▶ TASK REQUIREMENTS
Whatever precedes the line containing "노드의 파일 시스템은" is not copied; that line and every line after it through the final one below are copied exactly, except pictures.

※ ※ ※

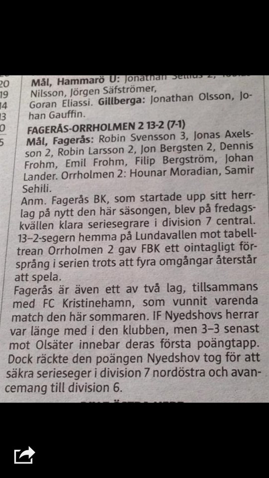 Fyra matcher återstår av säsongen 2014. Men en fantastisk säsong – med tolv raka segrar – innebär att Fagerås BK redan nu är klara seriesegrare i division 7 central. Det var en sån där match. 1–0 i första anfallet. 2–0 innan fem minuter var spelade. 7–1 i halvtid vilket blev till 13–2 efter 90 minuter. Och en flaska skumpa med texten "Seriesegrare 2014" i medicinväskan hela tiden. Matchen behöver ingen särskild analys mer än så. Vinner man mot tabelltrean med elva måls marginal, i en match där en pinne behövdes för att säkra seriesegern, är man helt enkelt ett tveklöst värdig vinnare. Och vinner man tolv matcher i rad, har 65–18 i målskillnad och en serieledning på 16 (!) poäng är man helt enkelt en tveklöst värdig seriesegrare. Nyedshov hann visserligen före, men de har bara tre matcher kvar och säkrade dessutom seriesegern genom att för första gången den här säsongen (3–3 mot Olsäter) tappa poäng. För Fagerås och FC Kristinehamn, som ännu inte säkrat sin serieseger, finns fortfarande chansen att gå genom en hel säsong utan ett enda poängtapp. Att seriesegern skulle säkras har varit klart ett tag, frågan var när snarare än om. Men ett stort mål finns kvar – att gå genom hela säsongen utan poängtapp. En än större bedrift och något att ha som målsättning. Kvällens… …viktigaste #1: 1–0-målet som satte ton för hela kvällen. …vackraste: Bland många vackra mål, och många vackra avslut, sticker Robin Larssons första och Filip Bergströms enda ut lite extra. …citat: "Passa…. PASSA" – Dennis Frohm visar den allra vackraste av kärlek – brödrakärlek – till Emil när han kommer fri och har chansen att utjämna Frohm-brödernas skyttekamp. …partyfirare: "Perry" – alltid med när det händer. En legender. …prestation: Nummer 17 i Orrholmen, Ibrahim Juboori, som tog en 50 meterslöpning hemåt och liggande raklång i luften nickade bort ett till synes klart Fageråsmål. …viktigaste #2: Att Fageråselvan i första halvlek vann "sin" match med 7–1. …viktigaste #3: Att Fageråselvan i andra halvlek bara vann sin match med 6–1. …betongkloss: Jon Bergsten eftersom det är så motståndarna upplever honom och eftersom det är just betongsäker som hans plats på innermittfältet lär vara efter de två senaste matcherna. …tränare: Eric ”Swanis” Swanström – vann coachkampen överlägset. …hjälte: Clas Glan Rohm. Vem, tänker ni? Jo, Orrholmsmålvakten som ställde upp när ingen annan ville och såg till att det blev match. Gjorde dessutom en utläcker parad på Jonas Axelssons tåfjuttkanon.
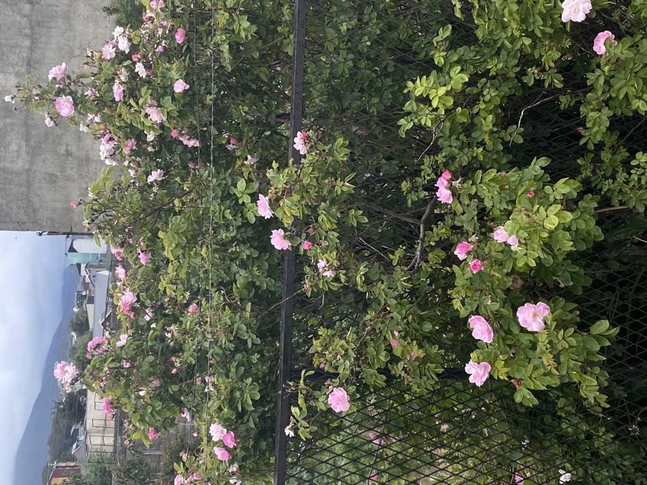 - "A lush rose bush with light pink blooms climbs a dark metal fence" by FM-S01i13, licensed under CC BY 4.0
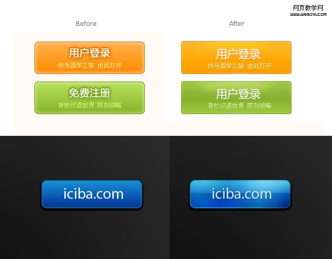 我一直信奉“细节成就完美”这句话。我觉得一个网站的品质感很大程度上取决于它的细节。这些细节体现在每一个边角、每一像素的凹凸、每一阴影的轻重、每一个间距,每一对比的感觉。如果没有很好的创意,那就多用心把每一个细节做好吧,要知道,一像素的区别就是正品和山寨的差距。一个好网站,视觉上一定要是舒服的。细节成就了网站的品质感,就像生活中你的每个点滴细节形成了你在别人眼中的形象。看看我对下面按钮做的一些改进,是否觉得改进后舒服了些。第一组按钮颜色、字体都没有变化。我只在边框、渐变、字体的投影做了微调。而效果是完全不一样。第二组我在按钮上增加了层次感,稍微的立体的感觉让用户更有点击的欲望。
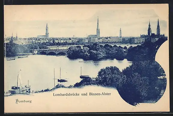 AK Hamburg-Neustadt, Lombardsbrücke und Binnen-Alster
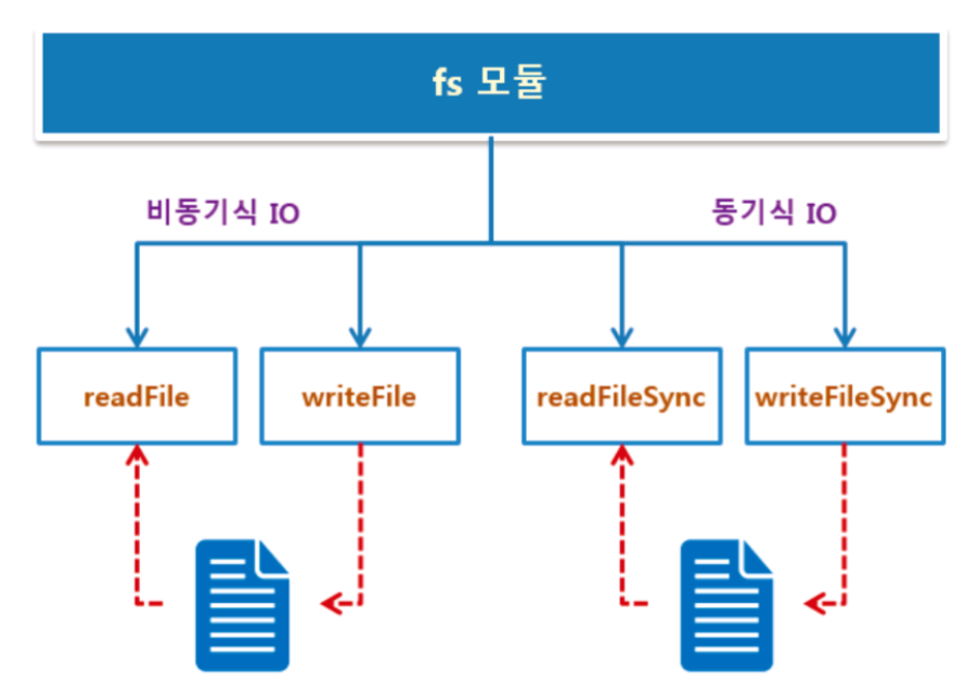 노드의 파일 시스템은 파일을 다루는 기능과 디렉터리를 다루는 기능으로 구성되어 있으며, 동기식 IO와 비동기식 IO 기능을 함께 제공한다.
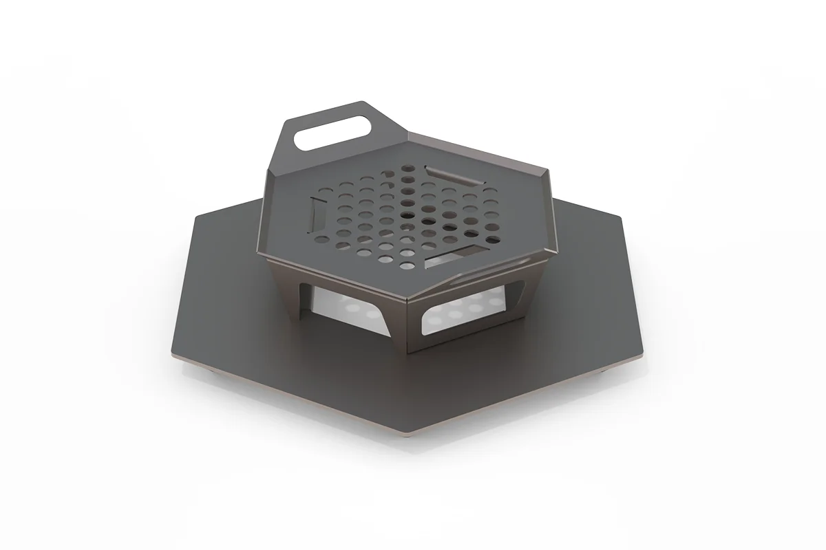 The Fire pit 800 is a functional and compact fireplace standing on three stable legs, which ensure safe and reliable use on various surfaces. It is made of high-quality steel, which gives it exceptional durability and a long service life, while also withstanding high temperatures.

※ ※ ※

▶ TASK RESULT
 노드의 파일 시스템은 파일을 다루는 기능과 디렉터리를 다루는 기능으로 구성되어 있으며, 동기식 IO와 비동기식 IO 기능을 함께 제공한다.
 The Fire pit 800 is a functional and compact fireplace standing on three stable legs, which ensure safe and reliable use on various surfaces. It is made of high-quality steel, which gives it exceptional durability and a long service life, while also withstanding high temperatures.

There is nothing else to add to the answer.